> [Prompt]: All that is needed is the run of lines from the top of the entries to the line with "für den hort", that line included, repeated exactly and free of pictures.

(Dataset records)
☆ ☆ ☆ ☆ ☆ ☆ ☆
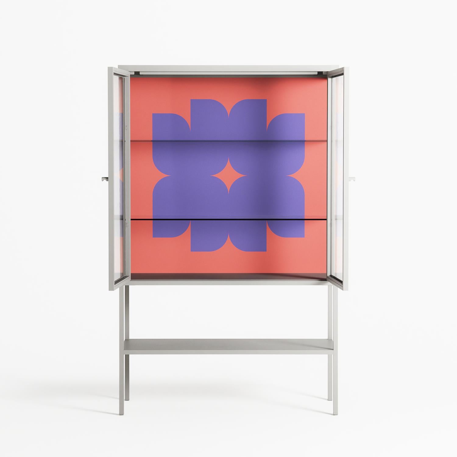 Vitrine pairs artworks by artists, designers, and creatives from around the world with a frame that elevates and displays them in everyday space. The cabinet is built from precision-cut metal with a powder-coated finish — resistant to wear and crafted for stability — making it ideal for both office and home spaces.
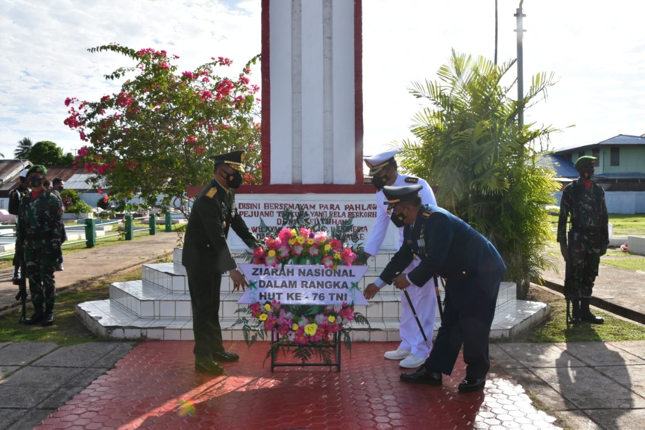 IPNews. Merauke. Danrem 174 Merauke Brigjen TNI Bangun Nawoko memimpin langsung upacara Ziarah Nasional dalam rangka memperingati HUT Ke-76 TNI Tahun 2021, di Taman Makam Pahlawan Trikora, Kabupaten Merauke, Papua, Senin (4/10/2021).
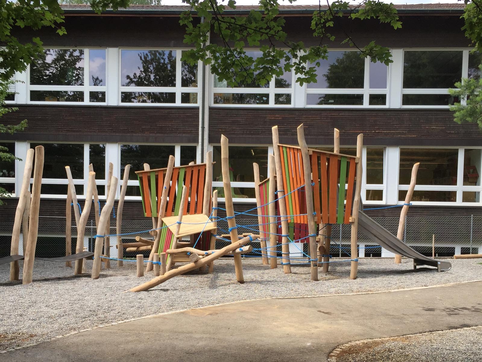 für den hort in der schule „farlifang“ in zumikon bauten wir einen spannenden, architektonischen & farbigen spielplatz. die ineinandergreifende komposition von häuschen, die durch brücken, seilverbindungen und balancierbalken verbunden sind. die so entstehenden innnen- und aussenräume ergeben abwechslungsreiche orte für die kinder mit ganz unterschiedlichen kletterrouten. durch die farbliche gestaltung der häuschen konnten wir im grossen innenhof der schulgebäude einen schönen akzent setzen. als ergänzung für die kleinsten ist ein häuschen als kleiner stall mit zaun und tieren versehen, geeignet für ein interessantes rollenspiel. ein wasserspiel mit matschtisch und rinnen erfreut die kinder in der warmen jahreszeit.
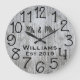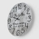 Lindo, único, design personalizado de uma só peça apresenta nomes personalizados "dele" e "dela" em preto em uma fonte cursiva com design sobreposto e o sobrenome e o ano de estabelecimento em uma fonte cursiva em negrito com um fundo de madeira cinza. Personalize este relógio adicionando suas informações pessoais. Faz um ótimo presente de casamento, aniversário ou de inauguração. Clique em "personalizar este modelo" para alterar os nomes, fontes e cores para criar um design único. Que acessório elegante e rústico para sua sala de estar, quarto ou sala de estar. Se precisar de ajuda com a personalização, por favor envie um e-mail para ybnormalone@gmail.com. Obrigado por visitar www.zazzle.com/Personal_Creations. ©Karen Hall para Personal_Creations na Zazzle.
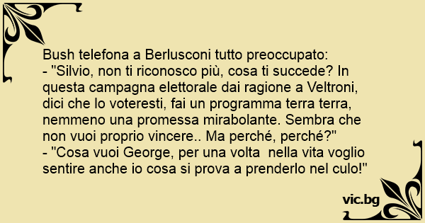 - "Silvio, non ti riconosco più, cosa ti succede? In questa campagna elettorale dai ragione a Veltroni, dici che lo voteresti, fai un programma terra terra, nemmeno una promessa mirabolante. Sembra che non vuoi proprio vincere.. Ma perché, perché?"
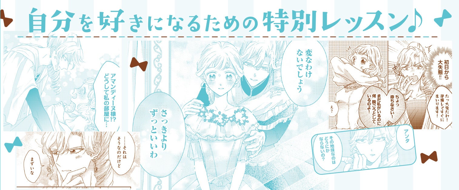 - 三沢ケイ原作のコミカライズ作品で、地味な令嬢ジャネットが美容アドバイザーアマンディーヌからのレッスンを受けながら自信をつけ、初恋を実らせようと奮闘する異世界恋愛コミック
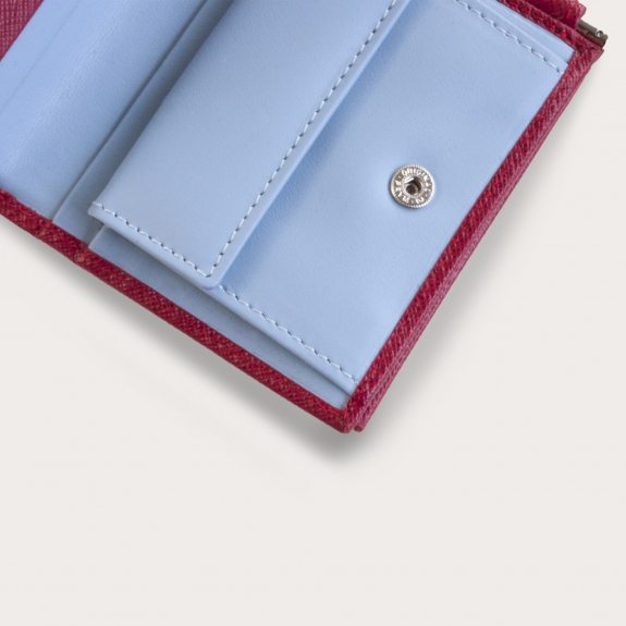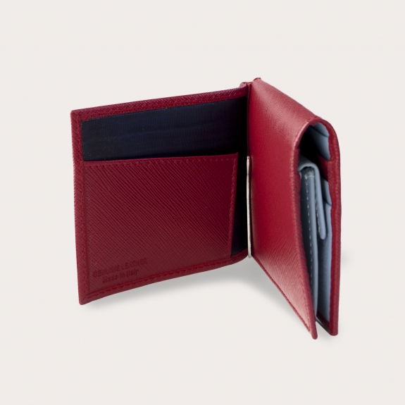 Mini portafoglio compatto in pelle saffiano con fermasoldi e portamonete, marrone e arancio
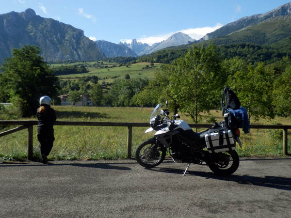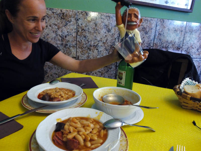 Luis nos había recomendado un sitio para comer en una de las aldeas que circundan el parque natural de Picos, y allí que fuimos a comprobar una vez más que no hay jornada en Asturias que no termine en comilona. Salimos de allí rodando (no en moto, sino como peonzas, y nos dedicamos básicamente a pasar la tarde haciendo la digestión entre moto y paseos, el último a una sidrería cercana al camping. Esa noche sí que llovió, pero nos pilló dentro de la tienda.
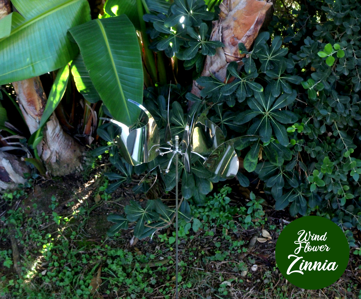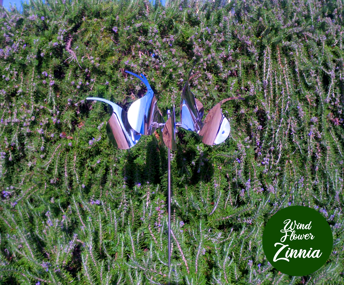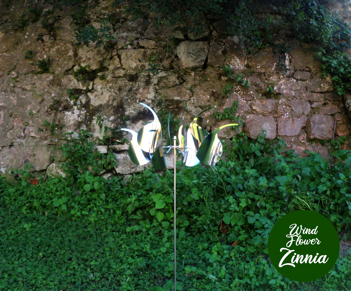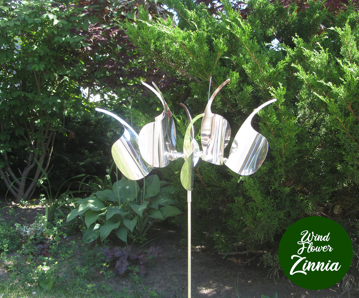 The Wind Flower Zinnia spins effortlessly with even the slightest gust of wind, creating a mesmerizing display of movement and light. Push it into the ground and position it vertically for a striking garden centerpiece. For a versatile touch, it can also be converted into a kinetic wind spinner to hang from a tree or a cornice.
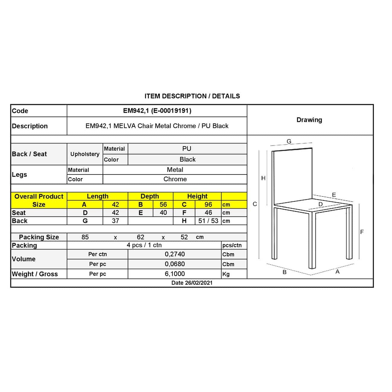 ΕΜ942,1 MELVA Καρέκλα Χρώμιο/Pu Μαύρο
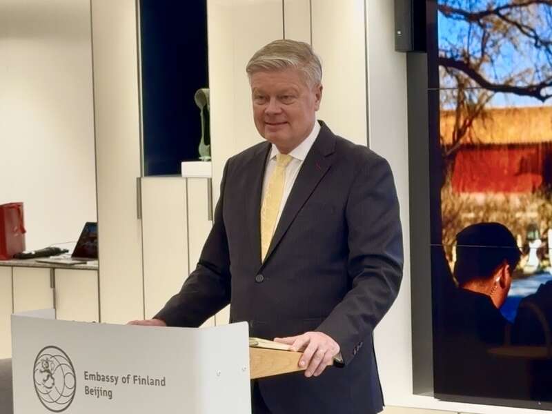 1月28日,北京,芬兰驻华大使明凯(MikkoKinnunen)出席中国媒体见面会,介绍芬兰总理奥尔波访华成果。中青报·中青网记者马子倩/摄
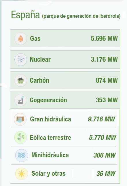 Iberdrola, compañía multinacional que produce, distribuye y comercializa electricidad, declara 34.000 empleados en todo el mundo. Los principales accionistas de esta empresa son el fondo soberano de Catar (Qatar Investment Authority), el fondo estadounidense Black Rock Inc y el banco público noruego Norges Bank. La compañía asegura suministra energía a cerca de 100 millones de personas, principalmente en España, Reino Unido (ScottishPower), Estados Unidos (Avangrid), Brasil (Neoenergia) y México. Iberdrola presume de ser "el primer productor eólico y una de las mayores compañías eléctricas por capitalización bursátil del mundo". La compañía ha declarado una facturación (en 2018) de 35.075,9 millones de euros, un beneficio neto de 3.014 millones de euros y unos activos superiores a 113.000 millones de euros. Este es su parque global de generación de electricidad.
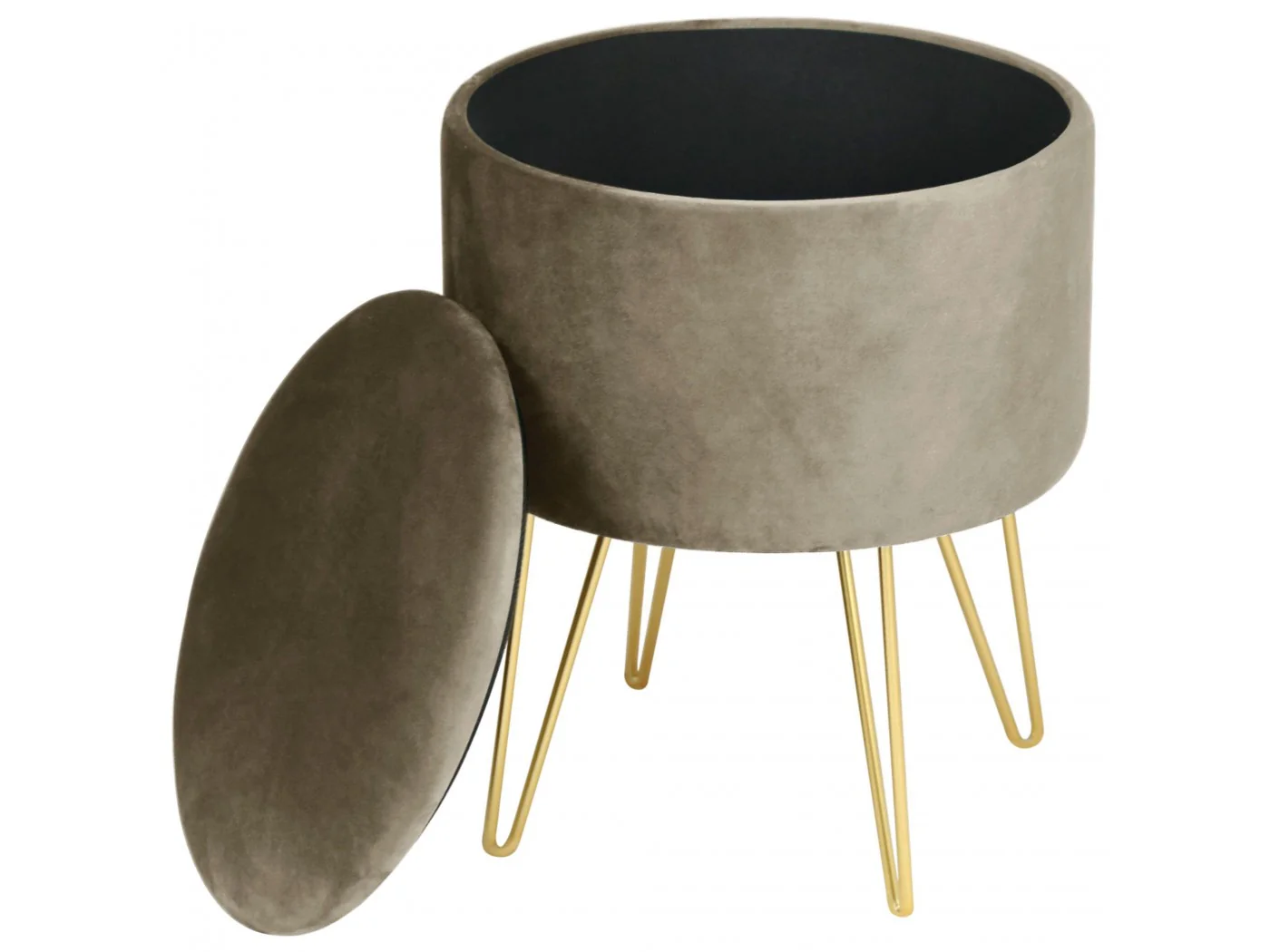 Podnóżek czy też pufa to świetny dodatek do salonu czy sypialni. To dzięki niemu zmęczone nogi po całym dniu chodzenia mogą odpocząć a gdy pufa wykonana jest z miękkiego weluru to tylko potęguje przyjemne doznania z odpoczynku. Nowoczesny wygląd to dodatki, w naszej pufie zastosowaliśmy nogi metalowe pomalowane na złoty kolor, który jest tak modny w tym roku. Otwierane wieczko daje dostęp do pojemnika do którego wsadzimy przedmioty niepotrzebne w codziennym użytkowaniu.
☆ ☆ ☆ ☆ ☆ ☆ ☆
> [Response]:
 Vitrine pairs artworks by artists, designers, and creatives from around the world with a frame that elevates and displays them in everyday space. The cabinet is built from precision-cut metal with a powder-coated finish — resistant to wear and crafted for stability — making it ideal for both office and home spaces.
 IPNews. Merauke. Danrem 174 Merauke Brigjen TNI Bangun Nawoko memimpin langsung upacara Ziarah Nasional dalam rangka memperingati HUT Ke-76 TNI Tahun 2021, di Taman Makam Pahlawan Trikora, Kabupaten Merauke, Papua, Senin (4/10/2021).
 für den hort in der schule „farlifang“ in zumikon bauten wir einen spannenden, architektonischen & farbigen spielplatz. die ineinandergreifende komposition von häuschen, die durch brücken, seilverbindungen und balancierbalken verbunden sind. die so entstehenden innnen- und aussenräume ergeben abwechslungsreiche orte für die kinder mit ganz unterschiedlichen kletterrouten. durch die farbliche gestaltung der häuschen konnten wir im grossen innenhof der schulgebäude einen schönen akzent setzen. als ergänzung für die kleinsten ist ein häuschen als kleiner stall mit zaun und tieren versehen, geeignet für ein interessantes rollenspiel. ein wasserspiel mit matschtisch und rinnen erfreut die kinder in der warmen jahreszeit.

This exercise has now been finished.